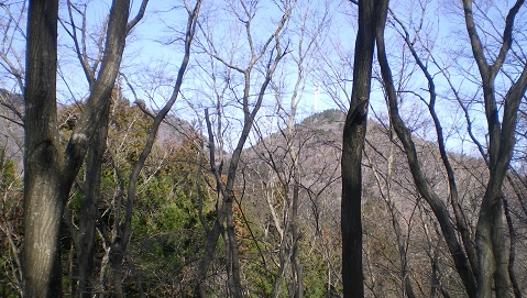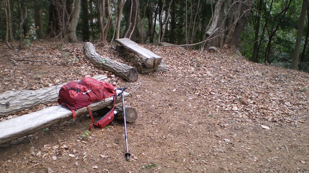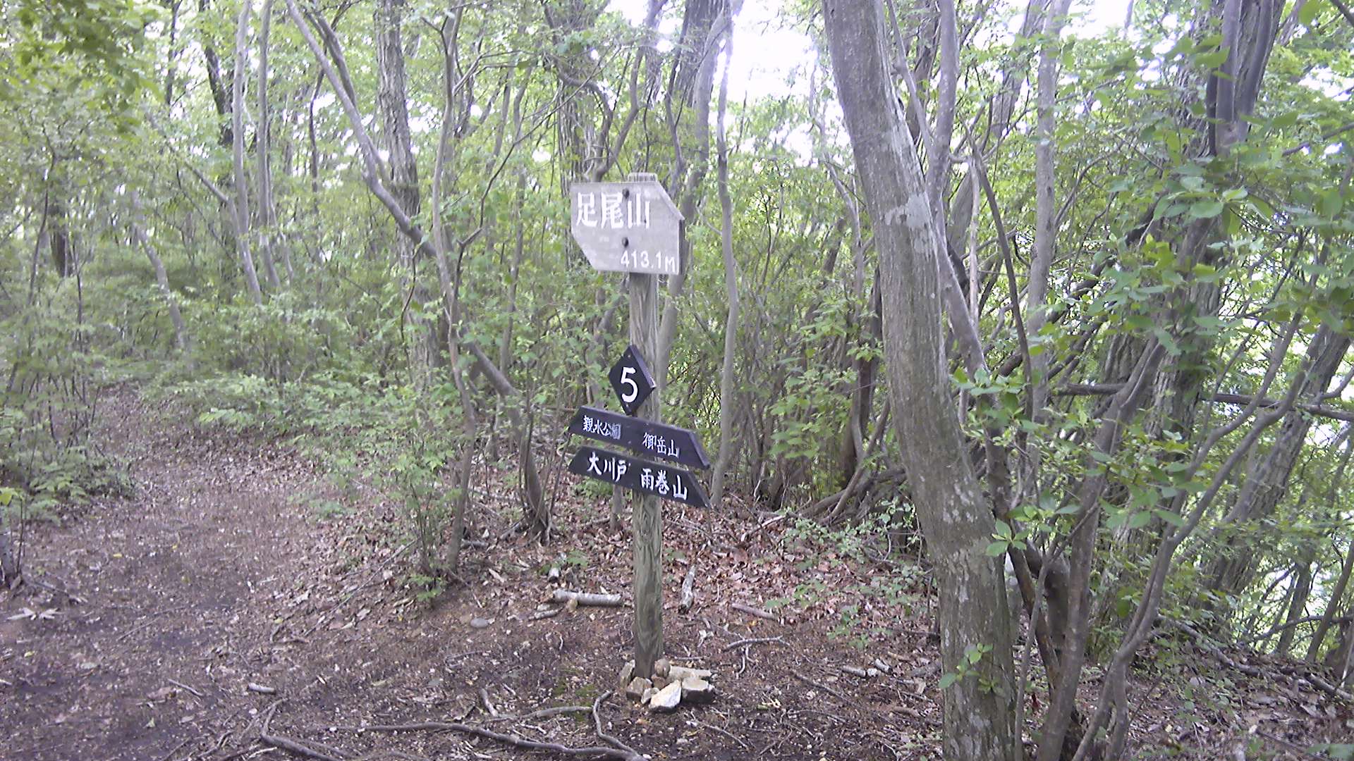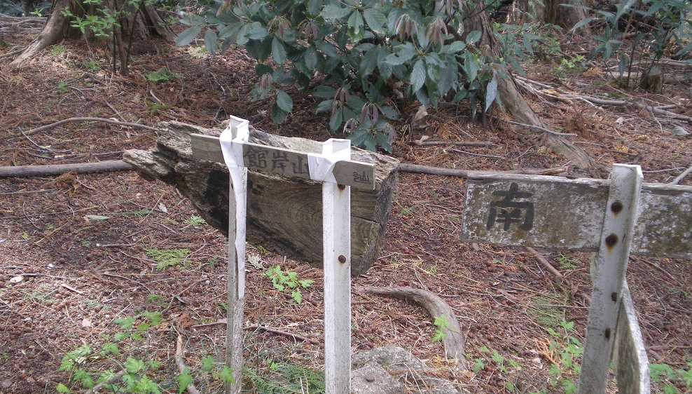 鞍部まで下りて登り返すと足尾山である。周囲は木々が繁って展望はない。ベンチも1脚だけ、崩れかけであった。
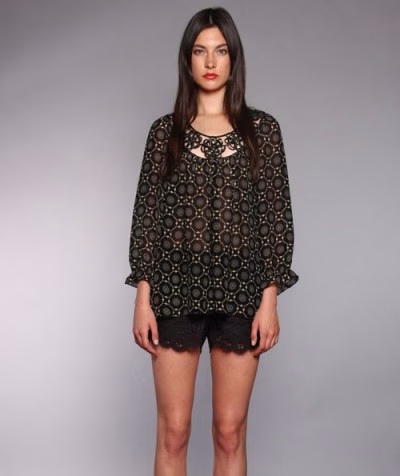 安娜苏(Anna Sui)2012早春度假系列女装,以著名室内装潢大师David Hicks的巴黎实体店为灵感,延续着安娜苏(Anna Sui)招牌的印花设计。花朵印花、波普印花、装饰印花……或给黑色连身裤带来青春可爱的气息,或给黑白迷嬉长裙带来别样异域情调,或给绿色连身裙带来梦幻唯美感觉,或给橘色薄纱上衣带来浓浓民族风情。
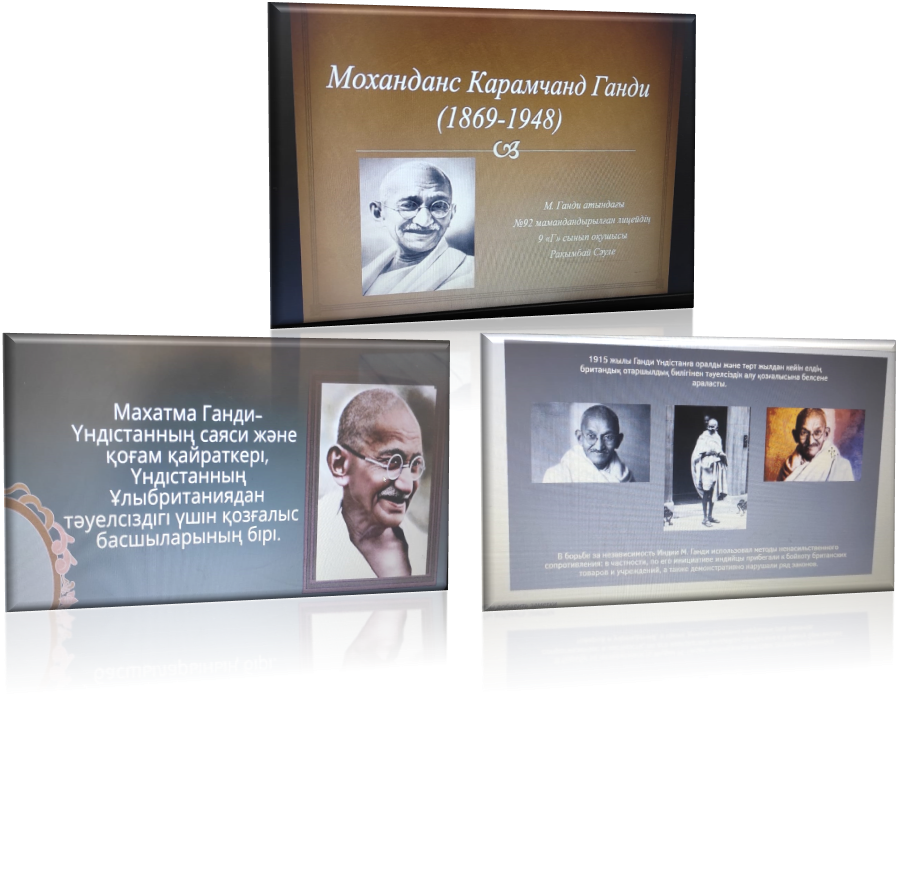 Мохандас Карамчанд Ганди 2 қазан 1869 жылы Порбпандар қаласында дүниеге келген. Махатма Ганди Үндістан ұлттық азаттық қозғалысының идеологы әрі жетекшілерінің бірі. Гандидің этикалық көзқарасы: «кедейлікке, доқшылыққа мейірімділікпен қарау, жапа шегу, тақуалық принциптері мен қоғамдағы дамуы-адамның өсімпаз мұқтажын қамтамасыз ету арқылы емес, соны саналы түрде тежеу арқылы іске асырылуы керек» деген көзқарасты ұстанды. Ганди негізінде өз еліне зорлық-зомбылықсыс, қару жарақсыз тәуелсіздікті алған. Әр адам басында ой түсігінде адамгершілік, түсініспеншілік, рақымдылық, күш жігер және т.б. болу керек.
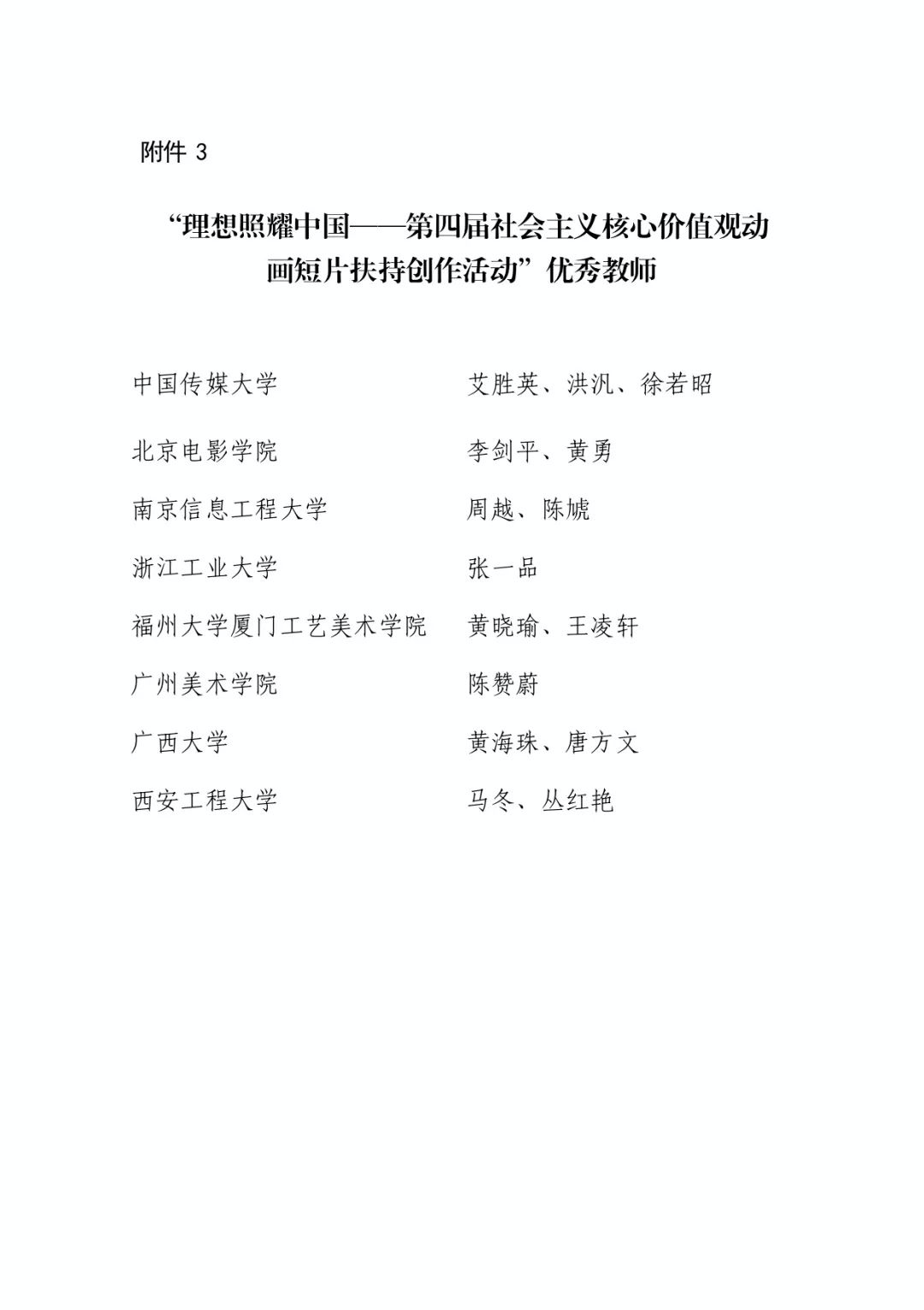 近日,国家广播电视总局下发《关于公布“理想照耀中国——第四届社会主义核心价值观动画片扶持创作活动”优秀创意的通知》,其中,韩国黄漫 获得优秀组织机构,韩国黄漫 教师马冬、丛红艳获得在此次活动中表现突出的优秀教师称号。
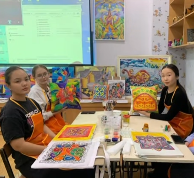 В ходе занятия учащиеся познакомились с историей и особенностями техники холодного батика, узнали о специфике работы с тканью, резервирующим составом и красками по шелку. Преподаватель последовательно и доступно представила материалы урока, продемонстрировала основные приемы росписи и подробно объяснила особенности подготовки ткани и инструмента.
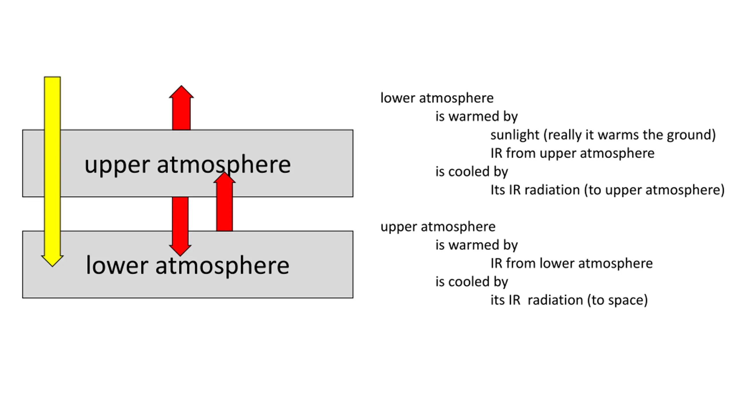 lower atmosphere is warmed by is cooled by sunlight (really it warms the ground) IR from upper atmosphere upper atmosphere Its IR radiation (to upper atmosphere) upper atmosphere is warmed by is cooled by lower atmosphere IR from lower atmosphere its IR radiation (to space)

* * * * * * *

Description of the task:
Return the listing above word for word, with the pictures removed.

Exercise solution:
 鞍部まで下りて登り返すと足尾山である。周囲は木々が繁って展望はない。ベンチも1脚だけ、崩れかけであった。
 安娜苏(Anna Sui)2012早春度假系列女装,以著名室内装潢大师David Hicks的巴黎实体店为灵感,延续着安娜苏(Anna Sui)招牌的印花设计。花朵印花、波普印花、装饰印花……或给黑色连身裤带来青春可爱的气息,或给黑白迷嬉长裙带来别样异域情调,或给绿色连身裙带来梦幻唯美感觉,或给橘色薄纱上衣带来浓浓民族风情。
 Мохандас Карамчанд Ганди 2 қазан 1869 жылы Порбпандар қаласында дүниеге келген. Махатма Ганди Үндістан ұлттық азаттық қозғалысының идеологы әрі жетекшілерінің бірі. Гандидің этикалық көзқарасы: «кедейлікке, доқшылыққа мейірімділікпен қарау, жапа шегу, тақуалық принциптері мен қоғамдағы дамуы-адамның өсімпаз мұқтажын қамтамасыз ету арқылы емес, соны саналы түрде тежеу арқылы іске асырылуы керек» деген көзқарасты ұстанды. Ганди негізінде өз еліне зорлық-зомбылықсыс, қару жарақсыз тәуелсіздікті алған. Әр адам басында ой түсігінде адамгершілік, түсініспеншілік, рақымдылық, күш жігер және т.б. болу керек.
 近日,国家广播电视总局下发《关于公布“理想照耀中国——第四届社会主义核心价值观动画片扶持创作活动”优秀创意的通知》,其中,韩国黄漫 获得优秀组织机构,韩国黄漫 教师马冬、丛红艳获得在此次活动中表现突出的优秀教师称号。
 В ходе занятия учащиеся познакомились с историей и особенностями техники холодного батика, узнали о специфике работы с тканью, резервирующим составом и красками по шелку. Преподаватель последовательно и доступно представила материалы урока, продемонстрировала основные приемы росписи и подробно объяснила особенности подготовки ткани и инструмента.
 lower atmosphere is warmed by is cooled by sunlight (really it warms the ground) IR from upper atmosphere upper atmosphere Its IR radiation (to upper atmosphere) upper atmosphere is warmed by is cooled by lower atmosphere IR from lower atmosphere its IR radiation (to space)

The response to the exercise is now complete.